Canada regulator sets out stricter mortgage rules for banks
The draft guidelines have been updated to “reflect the changing risks in the Canadian mortgage market,” the Office of the Superintendent of Financial Institutions said in a statement. The watchdog said in December it would seek to shift the burden of risks to banks and away from taxpayers, part of a broader effort by government to address what some observers say is an overheated housing market.
OSFI floated the policy as part of revised Capital Adequacy Requirements, or CAR, a set of rules governing federally-regulated banks, loan companies, and trusts and based on global requirements. The new CAR framework, published today, is open for comment until Oct.18. It will come into force as soon as November.

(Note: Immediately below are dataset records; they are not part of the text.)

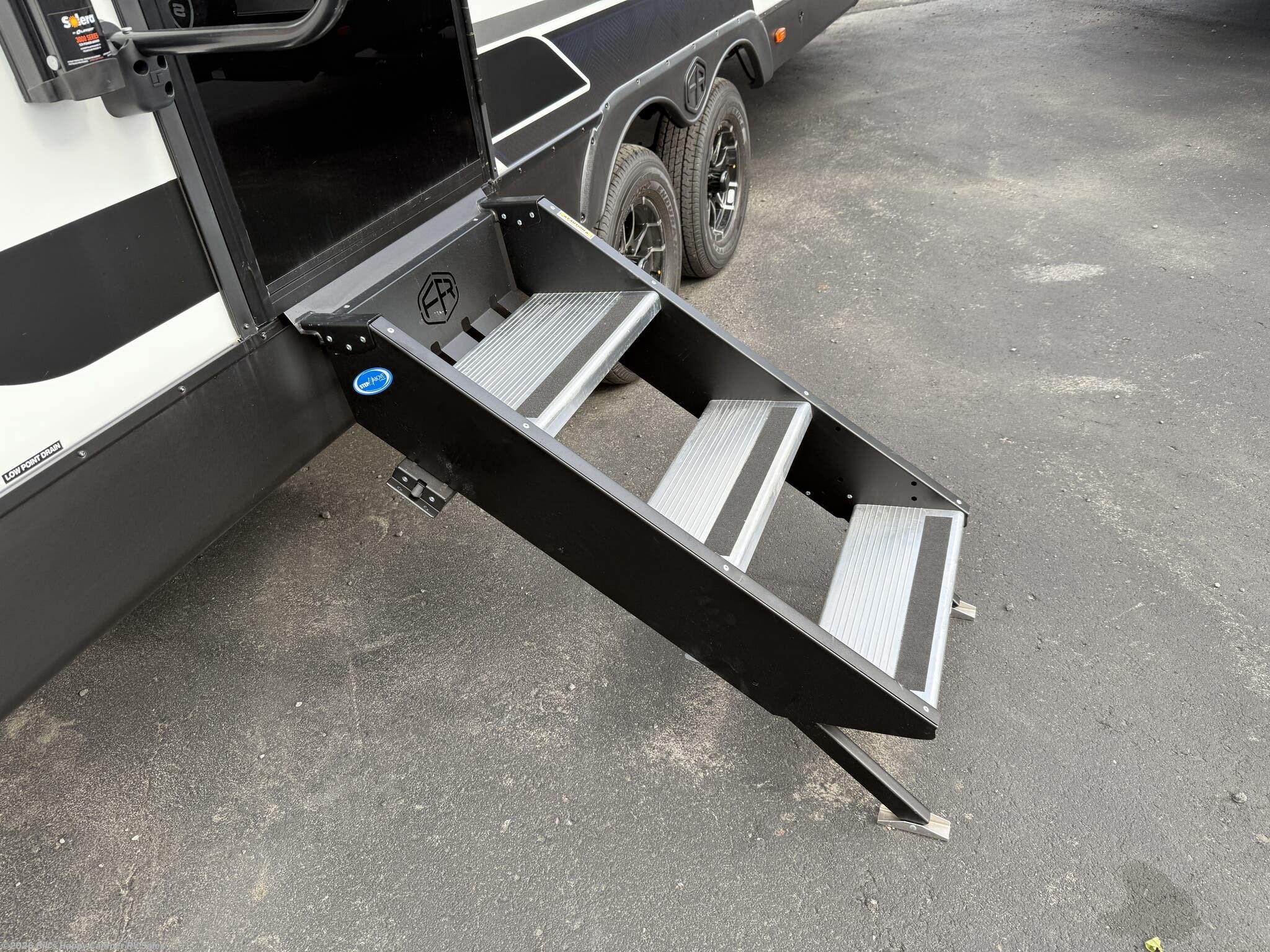Awning, Black Tank Flush, Enclosed Underbelly, Exterior Speakers, External Shower, Fiberglass Sidewalls, Front Overhead Storage, Griddle, Heated Underbelly, Hitch, Outside Kitchen, Pass Thru Storage, Power Awning, Power Hitch Jack, Power Stabilizer Jacks, Roof Vent, Screen Door, Skylight, Slam Latch Baggage Doors, Slideout, Spare Tire Kit, Stabilizer Jacks -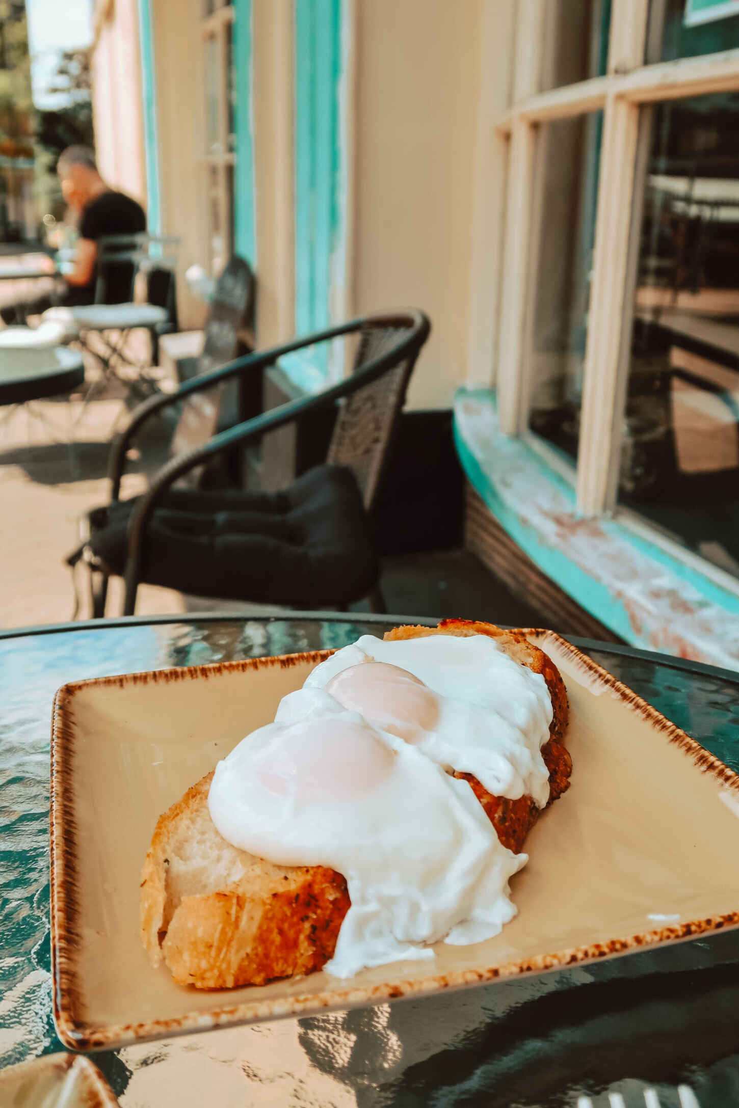 I headed down on a sunny Saturday afternoon for a solo-brunch date and managed to get a table outside. In hindsight, I wish I’d called ahead to book a table, as I’d have preferred to sit inside, but there are four two seater tables under a small canopy in the sun, overlooking the cute little floral courtyard that the Business Improvement District have installed.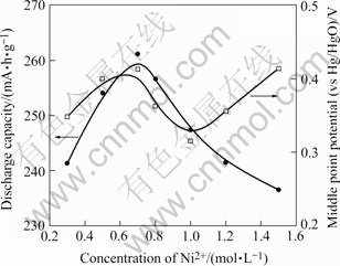 Fig.3 Effects of Ni2+ concentration on discharge capacity and discharge potential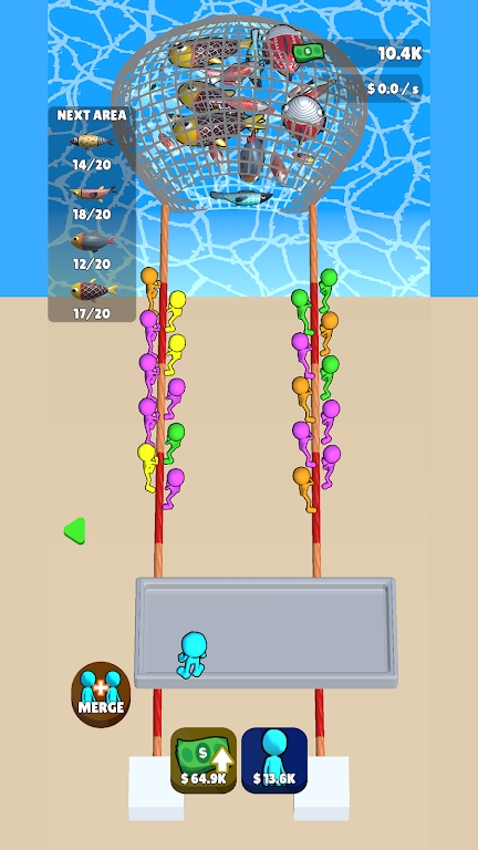 3、升级渔船容纳更多的渔夫和鱼获,从钓鱼岛网鱼

If a Canadian lender doesn’t follow the compliance policies set out by OSFI and the mortgage insurers, OSFI may “reduce the level of consideration of the mortgage insurance the lender is using as a guarantee to mitigate its credit risk,” according to an agency spokeswoman.
“In addition, institutions are expected to have appropriate policies and procedures in place to originate, underwrite and administer insured mortgages,” the agency said in a document posted to its website.
Policy makers have warned that Canada’s housing market is overvalued in some cities and the government is keen to limit taxpayer exposure to any potential downturn. Federal Finance Minister Bill Morneau and the government-owned mortgage insurer, Canada Mortgage & Housing Corp., have floated the idea of banks being required to hold more capital for residential mortgages to protect against defaults.
Morneau said this week additional measures may be needed to manage the risks associated with the “highly charged” Vancouver and Toronto housing markets, even after British Columbia imposed a 15 percent tax on foreign buyers to curb price gains.
Under current guidelines, lenders are required to maintain a certain amount of capital to back mortgages, as well as to comply with OSFI risk-mitigation rules. Under the proposed rules, if OSFI determines a lender isn’t following policy, it may reconsider whether its mortgage insurance adequately covers the loan risk, prompting the lender to take further steps, including shoring up capital.